**DIRECTIONS:** From the data below, return only the lines from the one with "Кружка стеклянная с" through the one with "The Aaron Rodgers", exact and inclusive, with pictures left out.

**MATERIAL TO PROCESS:**
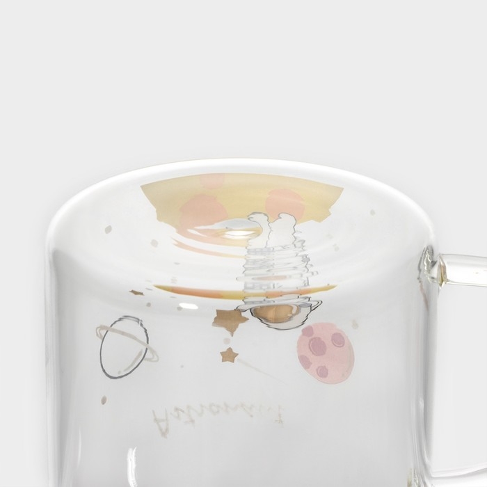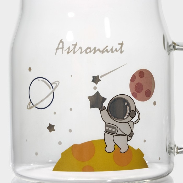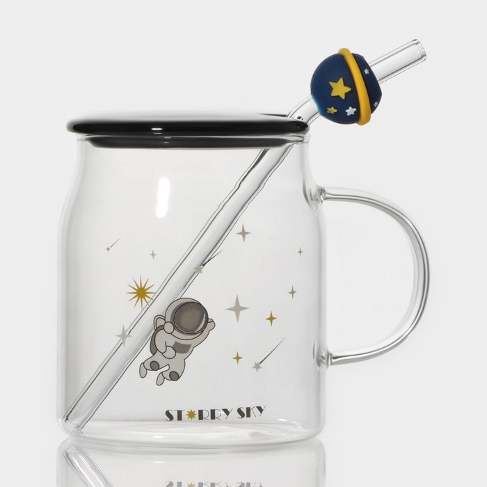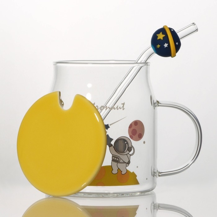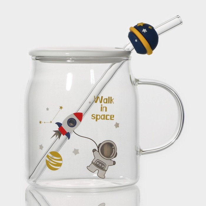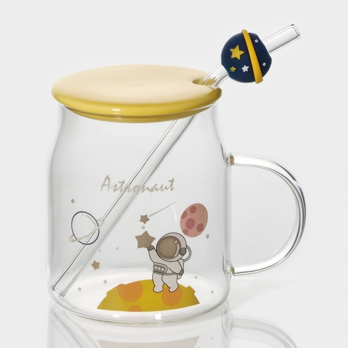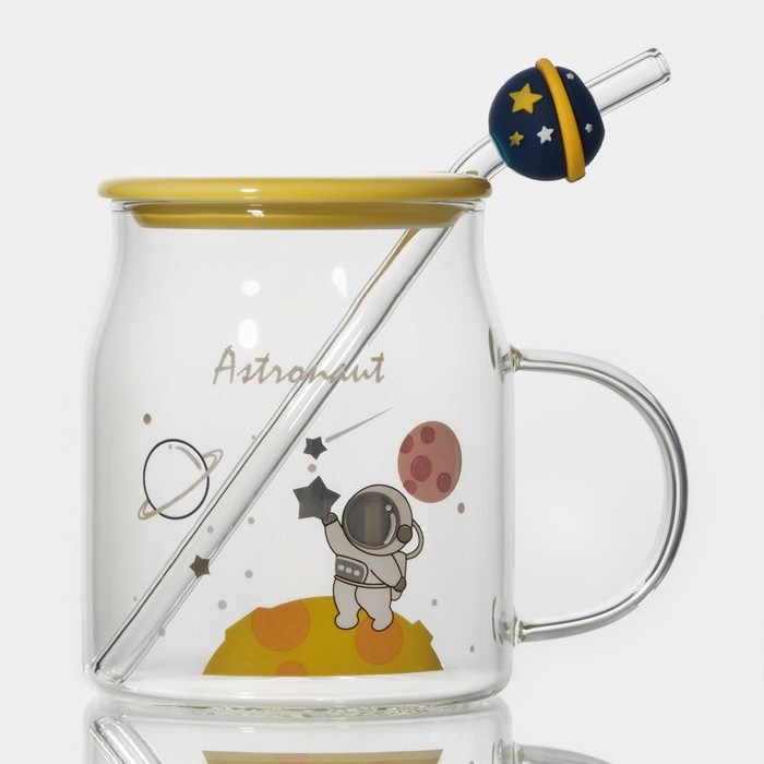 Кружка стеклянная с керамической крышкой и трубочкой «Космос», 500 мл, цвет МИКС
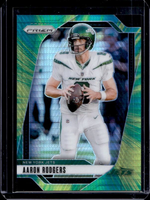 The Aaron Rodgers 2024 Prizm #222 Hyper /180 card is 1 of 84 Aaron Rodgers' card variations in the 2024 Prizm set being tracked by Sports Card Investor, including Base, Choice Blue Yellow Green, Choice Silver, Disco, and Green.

--

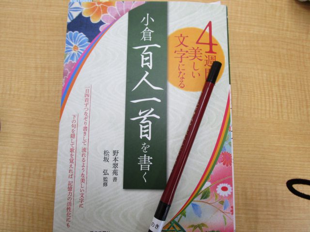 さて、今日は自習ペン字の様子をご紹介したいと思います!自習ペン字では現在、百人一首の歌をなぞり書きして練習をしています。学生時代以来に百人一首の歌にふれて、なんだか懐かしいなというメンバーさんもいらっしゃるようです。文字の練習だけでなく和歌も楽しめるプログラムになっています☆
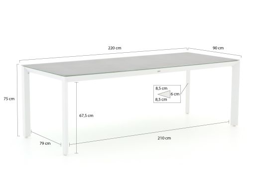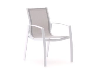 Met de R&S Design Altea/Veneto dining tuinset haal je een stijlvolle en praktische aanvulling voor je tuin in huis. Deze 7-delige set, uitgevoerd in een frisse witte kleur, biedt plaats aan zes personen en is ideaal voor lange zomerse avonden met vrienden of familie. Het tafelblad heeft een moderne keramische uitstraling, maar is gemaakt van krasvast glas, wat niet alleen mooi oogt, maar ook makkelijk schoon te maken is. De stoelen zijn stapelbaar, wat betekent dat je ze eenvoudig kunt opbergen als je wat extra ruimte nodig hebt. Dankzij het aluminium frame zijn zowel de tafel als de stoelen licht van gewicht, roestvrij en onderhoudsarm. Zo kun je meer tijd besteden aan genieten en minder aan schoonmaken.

* * *

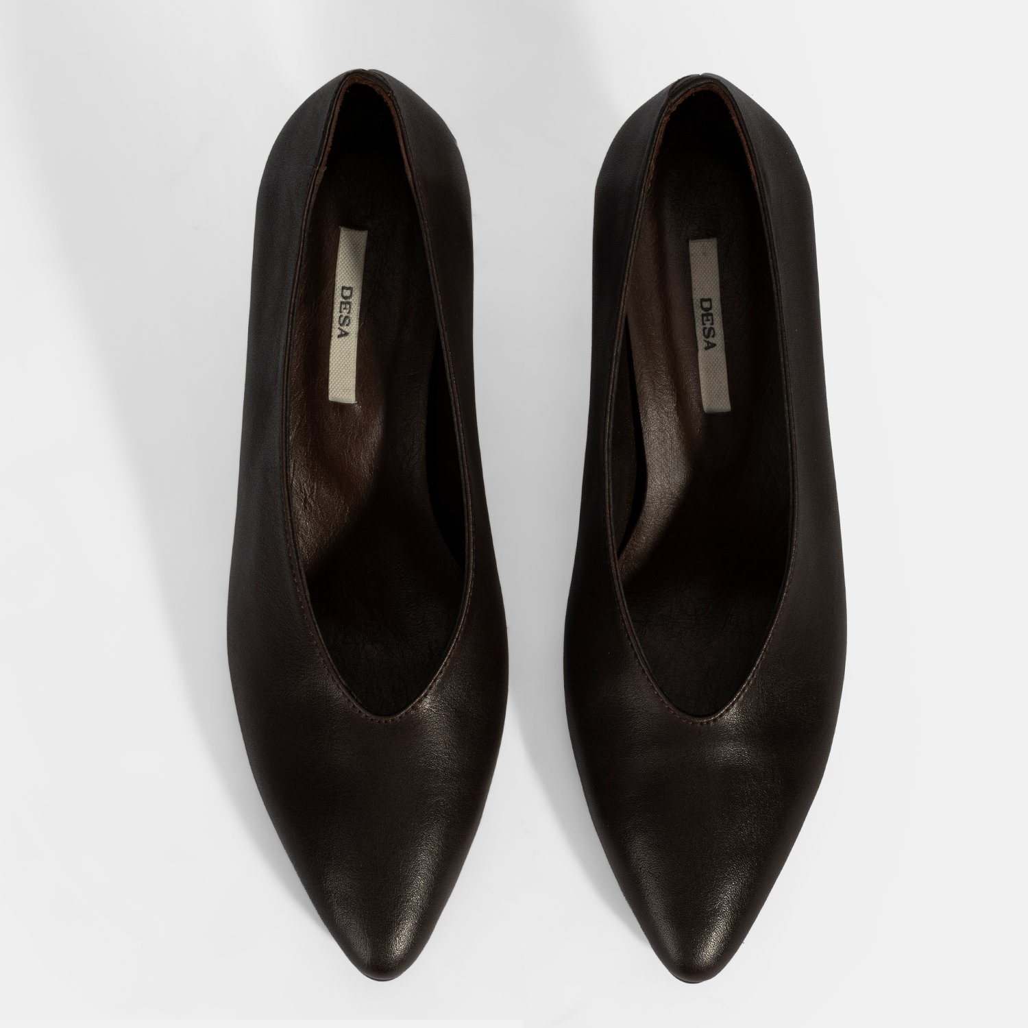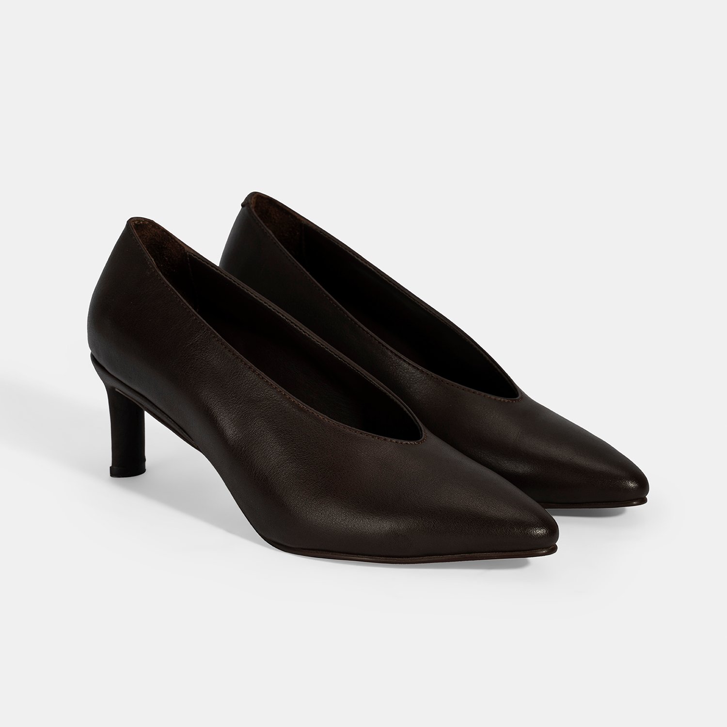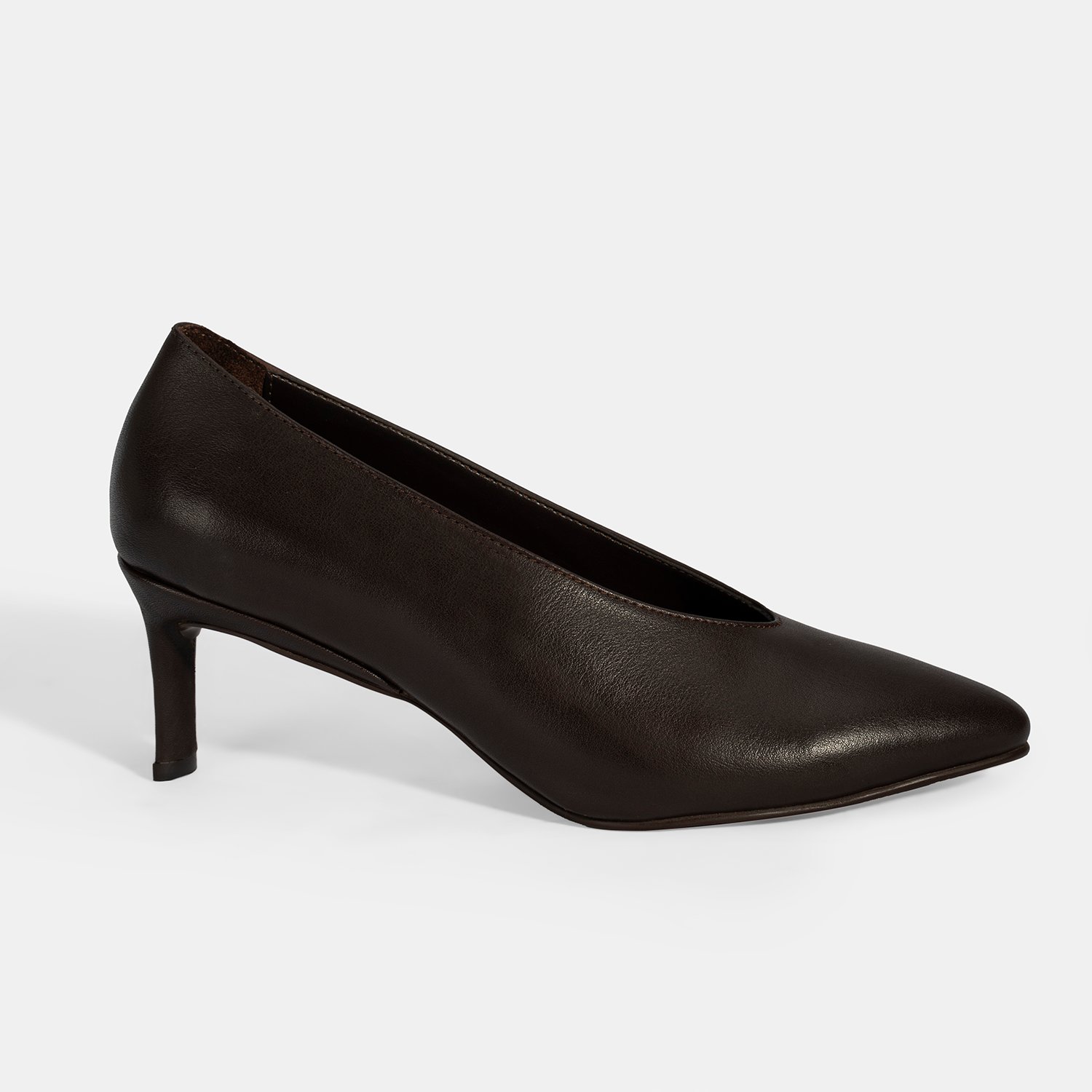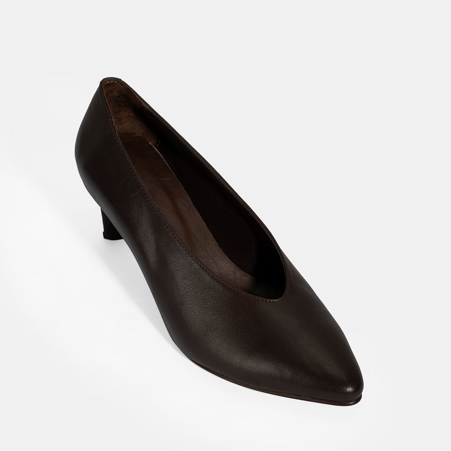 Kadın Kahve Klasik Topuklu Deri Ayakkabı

**REPLY:**
 Кружка стеклянная с керамической крышкой и трубочкой «Космос», 500 мл, цвет МИКС
 The Aaron Rodgers 2024 Prizm #222 Hyper /180 card is 1 of 84 Aaron Rodgers' card variations in the 2024 Prizm set being tracked by Sports Card Investor, including Base, Choice Blue Yellow Green, Choice Silver, Disco, and Green.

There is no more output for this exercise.